> **WORK REQUIRED**: For every line below, restate it exactly and drop the images.
Top of PROVIDED RECORDS
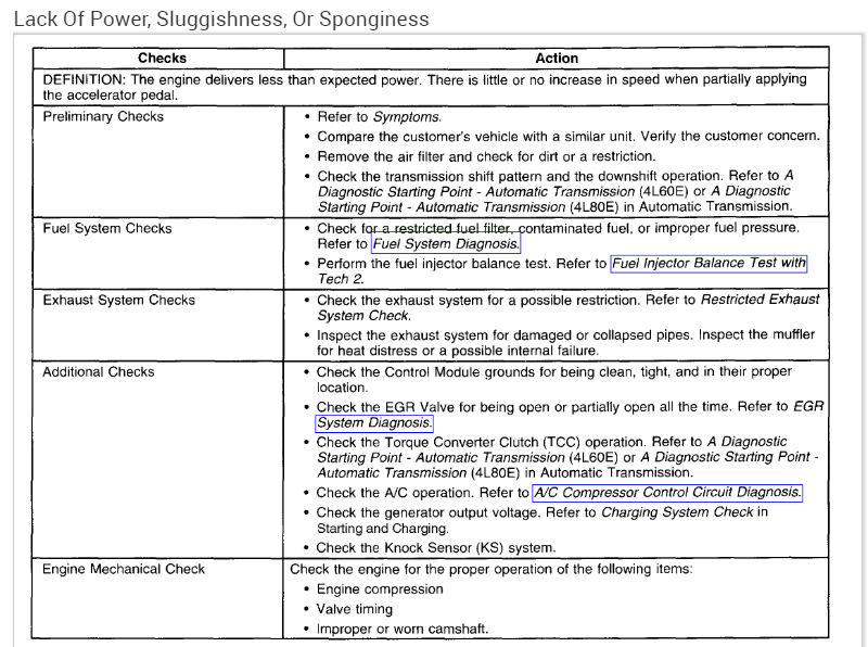 The Bank 1 sensor 1, purple wire is the Signal wire, and the other meter lead on a Ground location, the front sensors should have a voltage reading fluctuating from around 0.2 volts to 0.8 volts. So around a 0 to 1volt swing. If either of the front sensors are not fluctuating with these voltage readings with the engine warm, that's an issue. The Bank 1, 2 sensor 2's reading should be a steady voltage, usually around 0.5 to 0.7 volts. If either of the rear sensors have a voltage level that is stuck low, around 0.1 volts or even 0 volts. These types of readings will cause the ECM to see a lean exhaust when it might not be a lean exhaust. If the rear oxygen sensors are fluctuating the same as the front sensors, that is a sign that the Catalytic Converters have failed. From what you are describing, it does sound like a restricted exhaust. The converters fail for a number of reasons, but when they do, you will get spark plugs covered in soot. The engine will not be able to take in air because the exhaust cannot escape. You might also hear a hissing noise. Unbolting and dropping the front the Converters can reveal the issue if you don't have a way to do a back pressure test. Even dropping the front of one of the converters you will notice a huge difference in power right away. It will be loud, but when the exhaust can escape, the engine can breathe again.
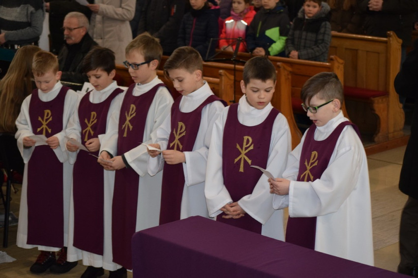 A március 4-i ünnepi szentmise elején a régi minisztránsok és a beöltözésre várók egymással szemben álltak fel az oltár előtt. Utóbbiak a kezükben hozott felső ruhájukat, a viola színű skapulárét a kihelyezett asztalra tették, hogy a fölvétel előtt Berkes László plébános megáldja azokat. Az ígérettétel után egyenként, nevükön szólítva kapták meg a megáldott ruhát, és kifejezték azt, amit az Úr Jézus nemcsak Szent Péter apostoltól, hanem mindannyiunktól kér: „Fogadd a minisztránsok ruháját, és szeresd nagyon az Úr Jézust, akinek szolgálni fogsz!” – „Szeretni fogom!” – hangzott a válasz, röviden és egyértelműen.
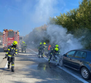 Erste Löschmaßnahmen durch andere KFZ-Lenker konnten die Flammen, welche beim PKW aus dem Motorbereich schlugen, eindämmen. Unter schwerem Atemschutz wurde das Fahrzeug mittels Löschleitung zur Gänze abgelöscht und mittels Wärmebildkamera kontrolliert.
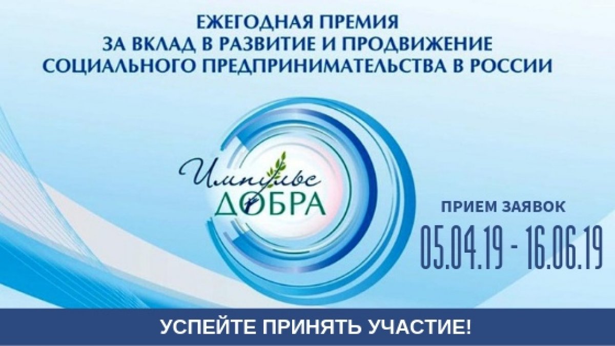 5 апреля 2019 года стартовал прием заявок на соискание Премии «Импульс добра», вручаемой за вклад в развитие и продвижение социального предпринимательства в России.
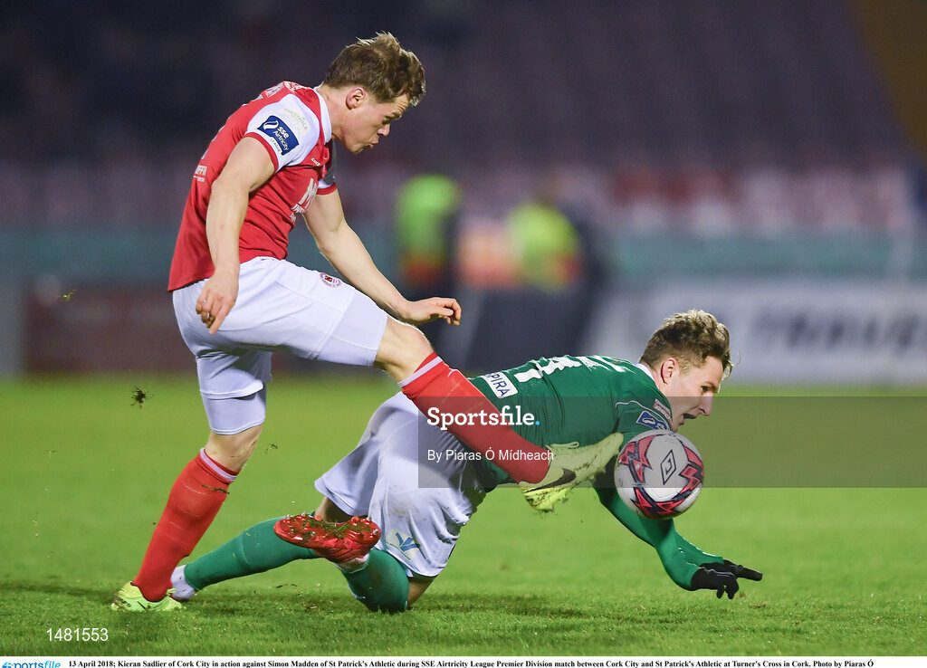 13 April 2018; Kieran Sadlier of Cork City in action against Simon Madden of St Patrick's Athletic during SSE Airtricity League Premier Division match between Cork City and St Patrick's Athletic at Turner's Cross in Cork. Photo by Piaras Ó Mídheach/Sportsfile
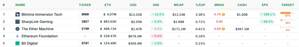 На прошлой неделе крупнейший корпоративный держатель Ethereum — BitMine — докупил 13 412 ETH на $40,61 млн. Объем второй по капитализации криптовалюты под управлением компании превысил 4 млн ETH ($12 млрд).
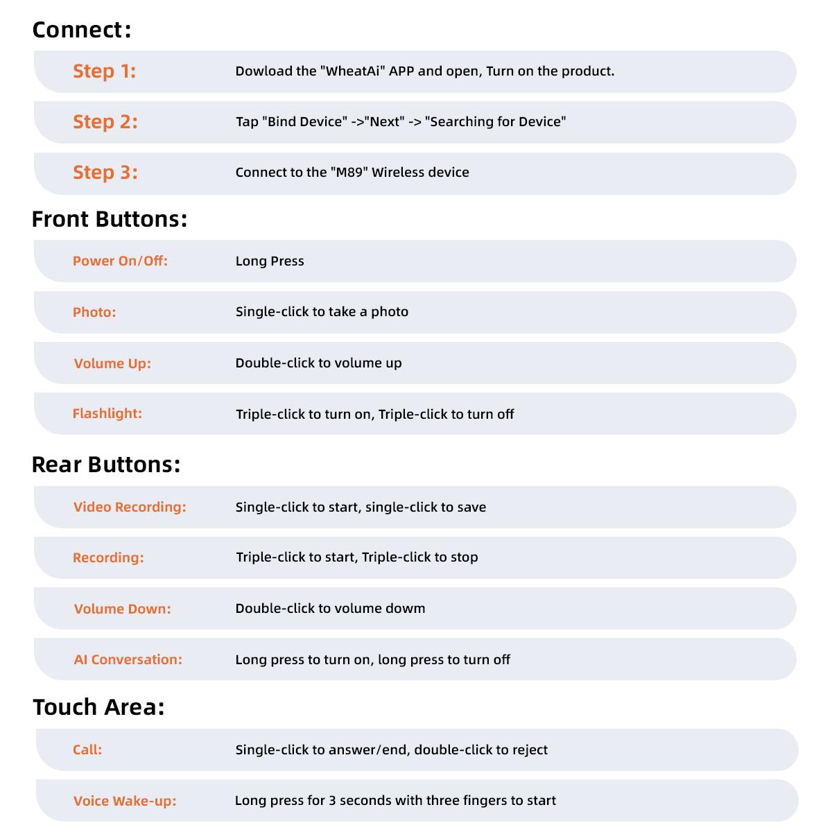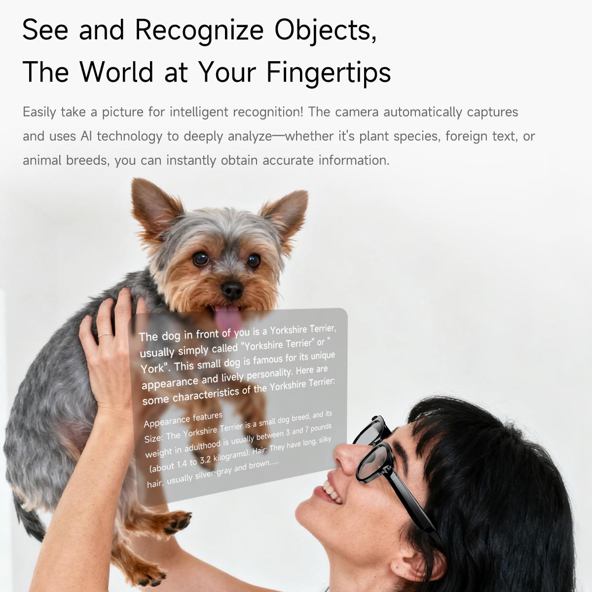 Photo/Video Capture Recording – HD with stabilization, reliable assistant for business meetings Voice Recording – Crystal-clear audio Music Control – Play/pause/skip tracks Call Functions – Bluetooth calling Alerts & LED Indicators – Smart notifications Real-time Translation – Break language barriers Smart Object Recognition – Identify anything! Touch Controls – Intuitive gestures Local Music Playback – Offline listening ️AI translation language –Chinese, English, German, Spanish, French, Italian, Japanese, Korean, Portuguese, Russian, Swedish
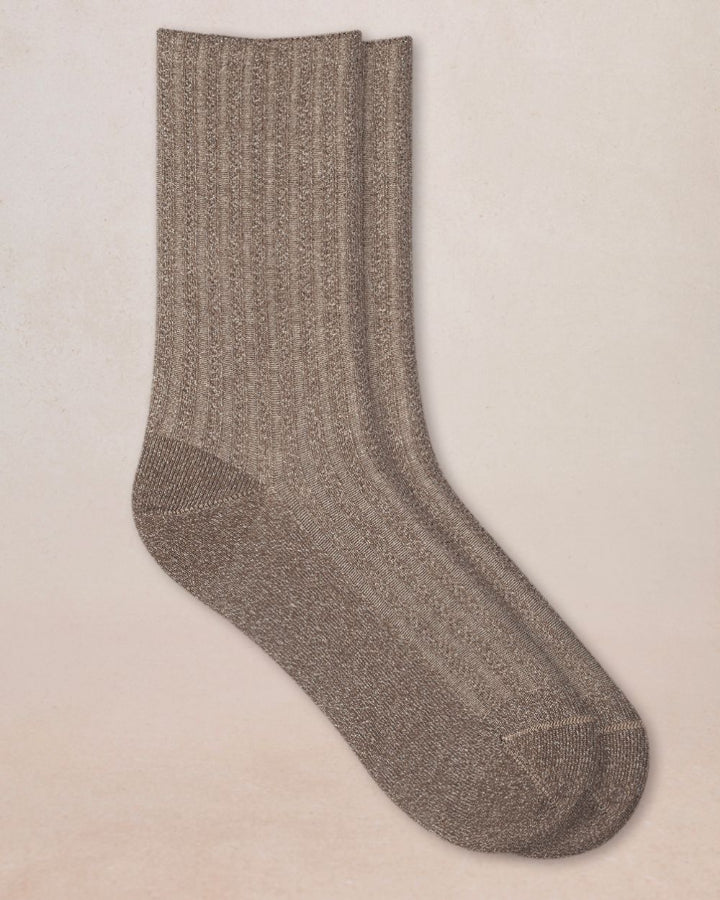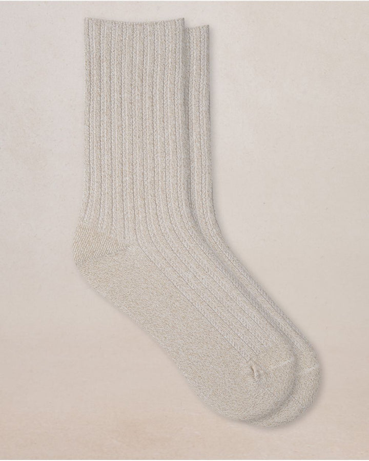Bleu Foret combed cotton blended with a shiny lurex yarn ribbed socks with reinforced heels and toes, non-compressive cuffs for all day comfort.
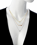 Layer it up with this heart and arrow tri-color necklace from Athra. The gorgeous layering effect brings out the beauty in each different colored chain. The gold chain holds one large CZ stone. The rose gold chain gleams with its sparkling arrow. The sterling silver heart is glitzy in CZ stones.
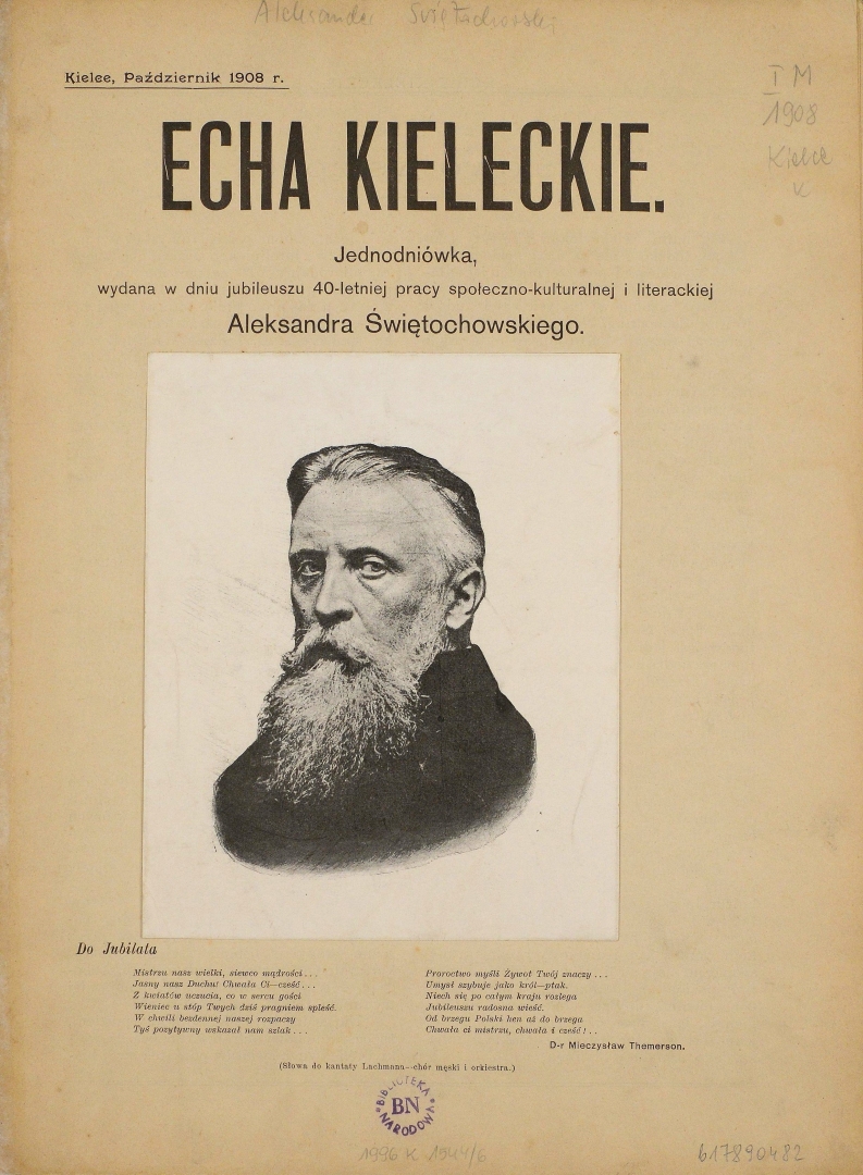 "Echa kieleckie : jednodniówka wydana w dniu jubileuszu 40-letniej pracy społeczno-kulturalnej i literackiej Aleksandra Świętochowskiego"., [online] Warszawa: Narodowy Instytut Audiowizualny [dostęp 27.02.2026]. Dostępny w internecie: http://www.biogramy.pl/a/foto/echa-kieleckie-jednodniowka-wydana-w-dniu-jubileuszu-40-letniej-pracy-spoleczno-kulturalnej-i-literackiej-aleksandra-swietochowskiego
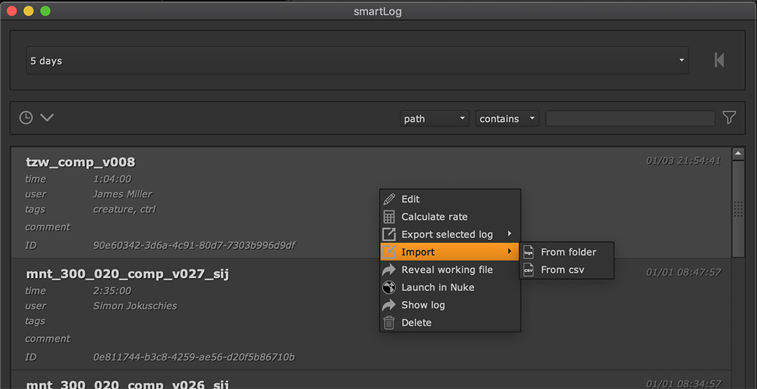 From here we have the option to import from a folder. This will import all time log .json files from one specific path that we browsed to. As we have exported our time logs to csv, let’s click the from csv command, browse to our exported csv file and click open. The time logs get imported back into smartLog.
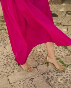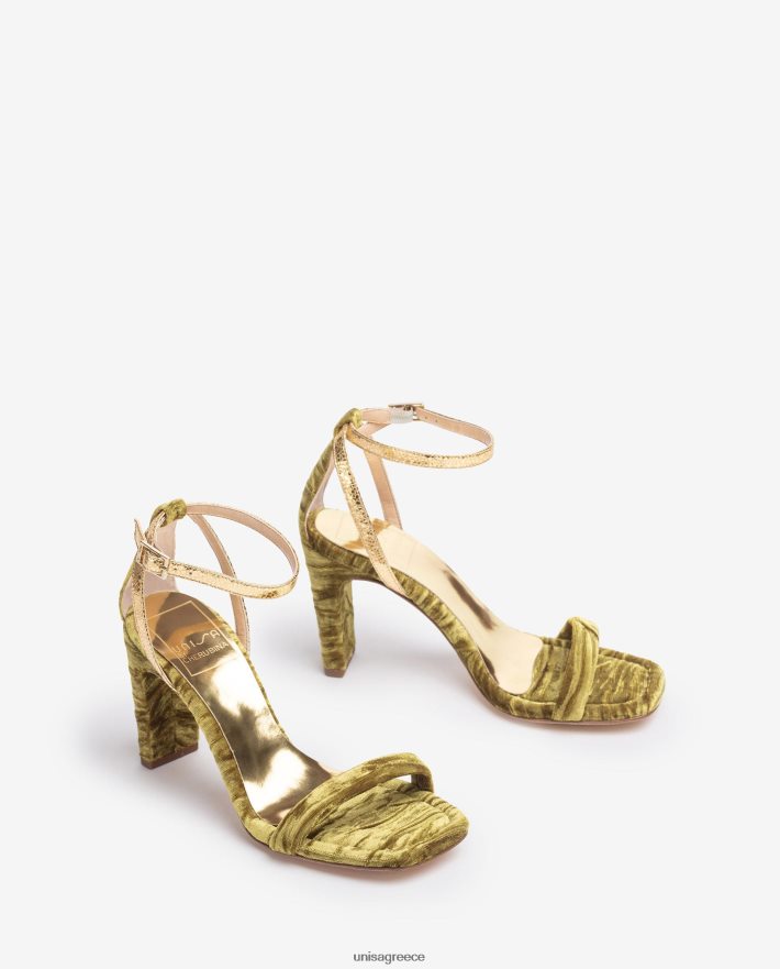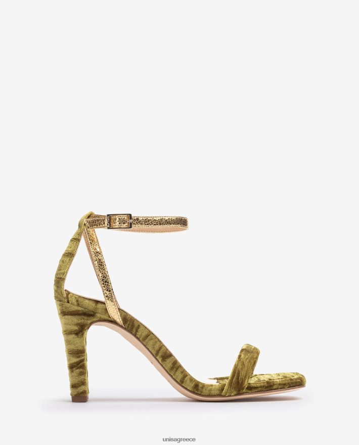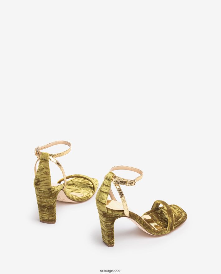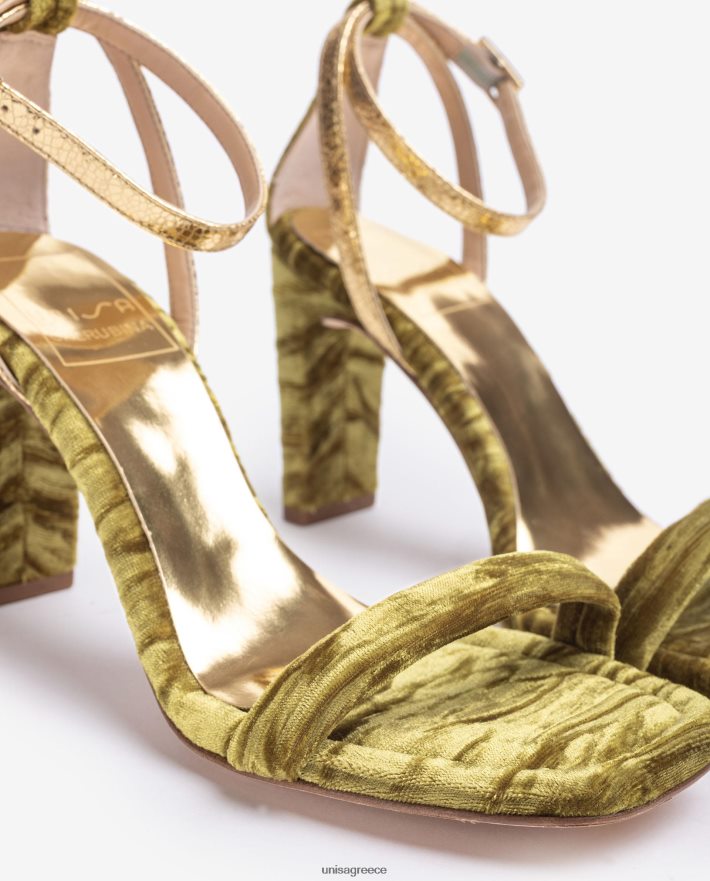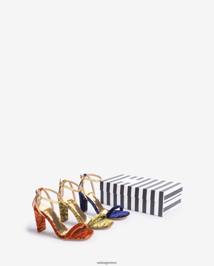 πέδιλο τετράγωνης σόλας από βελούδο. Λεπτοί χρυσοί ιμάντες αστραγάλου που μπορούν να προσαρμοστούν χρησιμοποιώντας τη μεταλλική πόρπη. Τακούνι ύψους 8,5 εκ. ντυμένο με βελούδο. δερμάτινη σόλα. η νέα συλλογή unisa της cherubina θα σας συνεπάρει με την τελειότητά της. Η
Bottom of PROVIDED RECORDS
> **SOLUTION BELOW**:
 The Bank 1 sensor 1, purple wire is the Signal wire, and the other meter lead on a Ground location, the front sensors should have a voltage reading fluctuating from around 0.2 volts to 0.8 volts. So around a 0 to 1volt swing. If either of the front sensors are not fluctuating with these voltage readings with the engine warm, that's an issue. The Bank 1, 2 sensor 2's reading should be a steady voltage, usually around 0.5 to 0.7 volts. If either of the rear sensors have a voltage level that is stuck low, around 0.1 volts or even 0 volts. These types of readings will cause the ECM to see a lean exhaust when it might not be a lean exhaust. If the rear oxygen sensors are fluctuating the same as the front sensors, that is a sign that the Catalytic Converters have failed. From what you are describing, it does sound like a restricted exhaust. The converters fail for a number of reasons, but when they do, you will get spark plugs covered in soot. The engine will not be able to take in air because the exhaust cannot escape. You might also hear a hissing noise. Unbolting and dropping the front the Converters can reveal the issue if you don't have a way to do a back pressure test. Even dropping the front of one of the converters you will notice a huge difference in power right away. It will be loud, but when the exhaust can escape, the engine can breathe again.
 A március 4-i ünnepi szentmise elején a régi minisztránsok és a beöltözésre várók egymással szemben álltak fel az oltár előtt. Utóbbiak a kezükben hozott felső ruhájukat, a viola színű skapulárét a kihelyezett asztalra tették, hogy a fölvétel előtt Berkes László plébános megáldja azokat. Az ígérettétel után egyenként, nevükön szólítva kapták meg a megáldott ruhát, és kifejezték azt, amit az Úr Jézus nemcsak Szent Péter apostoltól, hanem mindannyiunktól kér: „Fogadd a minisztránsok ruháját, és szeresd nagyon az Úr Jézust, akinek szolgálni fogsz!” – „Szeretni fogom!” – hangzott a válasz, röviden és egyértelműen.
 Erste Löschmaßnahmen durch andere KFZ-Lenker konnten die Flammen, welche beim PKW aus dem Motorbereich schlugen, eindämmen. Unter schwerem Atemschutz wurde das Fahrzeug mittels Löschleitung zur Gänze abgelöscht und mittels Wärmebildkamera kontrolliert.
 5 апреля 2019 года стартовал прием заявок на соискание Премии «Импульс добра», вручаемой за вклад в развитие и продвижение социального предпринимательства в России.
 13 April 2018; Kieran Sadlier of Cork City in action against Simon Madden of St Patrick's Athletic during SSE Airtricity League Premier Division match between Cork City and St Patrick's Athletic at Turner's Cross in Cork. Photo by Piaras Ó Mídheach/Sportsfile
 На прошлой неделе крупнейший корпоративный держатель Ethereum — BitMine — докупил 13 412 ETH на $40,61 млн. Объем второй по капитализации криптовалюты под управлением компании превысил 4 млн ETH ($12 млрд).
 Photo/Video Capture Recording – HD with stabilization, reliable assistant for business meetings Voice Recording – Crystal-clear audio Music Control – Play/pause/skip tracks Call Functions – Bluetooth calling Alerts & LED Indicators – Smart notifications Real-time Translation – Break language barriers Smart Object Recognition – Identify anything! Touch Controls – Intuitive gestures Local Music Playback – Offline listening ️AI translation language –Chinese, English, German, Spanish, French, Italian, Japanese, Korean, Portuguese, Russian, Swedish
Bleu Foret combed cotton blended with a shiny lurex yarn ribbed socks with reinforced heels and toes, non-compressive cuffs for all day comfort.
 Layer it up with this heart and arrow tri-color necklace from Athra. The gorgeous layering effect brings out the beauty in each different colored chain. The gold chain holds one large CZ stone. The rose gold chain gleams with its sparkling arrow. The sterling silver heart is glitzy in CZ stones.
 "Echa kieleckie : jednodniówka wydana w dniu jubileuszu 40-letniej pracy społeczno-kulturalnej i literackiej Aleksandra Świętochowskiego"., [online] Warszawa: Narodowy Instytut Audiowizualny [dostęp 27.02.2026]. Dostępny w internecie: http://www.biogramy.pl/a/foto/echa-kieleckie-jednodniowka-wydana-w-dniu-jubileuszu-40-letniej-pracy-spoleczno-kulturalnej-i-literackiej-aleksandra-swietochowskiego
 From here we have the option to import from a folder. This will import all time log .json files from one specific path that we browsed to. As we have exported our time logs to csv, let’s click the from csv command, browse to our exported csv file and click open. The time logs get imported back into smartLog.
 πέδιλο τετράγωνης σόλας από βελούδο. Λεπτοί χρυσοί ιμάντες αστραγάλου που μπορούν να προσαρμοστούν χρησιμοποιώντας τη μεταλλική πόρπη. Τακούνι ύψους 8,5 εκ. ντυμένο με βελούδο. δερμάτινη σόλα. η νέα συλλογή unisa της cherubina θα σας συνεπάρει με την τελειότητά της. Η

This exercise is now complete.